Tara L. Greenhow, MD, and colleagues looked retrospectively at blood cultures from healthy, full-term infants in need of care at Kaiser Permanente in Northern California from 2005 to 2009.
Of the 4,255 blood cultures, 2.2% were positive for pathogens vs. cultures positive due to contaminants. The most common pathogens found were Escherichia coli (56%), group B streptococcus (21%) and Staphylococcus aureus (8%). Greenhow and colleagues said 98% of infants with E. coli also had a urinary tract infection. No cases of Listeria monocytogenes bacteremia or meningococcemia were found; researchers found only one case of enterococcal bacteremia. The actual rate of bacteremia was 0.57 in 1,000 full-term births.

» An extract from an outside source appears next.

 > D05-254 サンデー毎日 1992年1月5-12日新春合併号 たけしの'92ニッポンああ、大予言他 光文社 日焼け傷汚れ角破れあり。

“Before this study, the incidence of late-onset bacteremia was unknown. Compared with CDC data, we have documented a lower incidence of group B streptococcus bacteremia,” the researchers wrote.
Incidence range before the study was reportedly 1.1% to 5.9%, and group B streptococcus was thought to be the most common pathogen, according to the researchers. The data indicated that 36% of pathogens were ampicillin resistant, which they suggested calls for a change in antibiotic treatment.

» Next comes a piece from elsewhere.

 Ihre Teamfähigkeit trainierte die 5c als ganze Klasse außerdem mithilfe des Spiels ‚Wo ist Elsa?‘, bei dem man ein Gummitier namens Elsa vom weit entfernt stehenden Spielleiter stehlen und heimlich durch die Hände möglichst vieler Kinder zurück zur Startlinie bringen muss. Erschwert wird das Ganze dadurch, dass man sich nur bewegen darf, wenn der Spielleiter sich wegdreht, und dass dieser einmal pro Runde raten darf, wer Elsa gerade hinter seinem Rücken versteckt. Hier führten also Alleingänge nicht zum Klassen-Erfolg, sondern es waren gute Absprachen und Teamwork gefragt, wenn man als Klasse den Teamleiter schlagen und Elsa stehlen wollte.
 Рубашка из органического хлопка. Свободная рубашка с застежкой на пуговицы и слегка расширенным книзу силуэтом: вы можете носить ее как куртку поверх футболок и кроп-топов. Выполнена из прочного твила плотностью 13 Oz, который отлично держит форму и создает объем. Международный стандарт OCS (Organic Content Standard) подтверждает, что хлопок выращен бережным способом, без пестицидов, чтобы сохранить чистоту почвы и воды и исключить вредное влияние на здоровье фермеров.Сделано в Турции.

“On the basis of the pathogens found and antibiotic susceptibilities, we suggest new strategies are for presumptive treatment of bacteremia and question whether ampicillin still needs to be part of every empirical antibiotic regimen in infants 1 week to 3 months old,” the study researchers concluded.
Disclosure: The researchers report no relevant financial disclosures.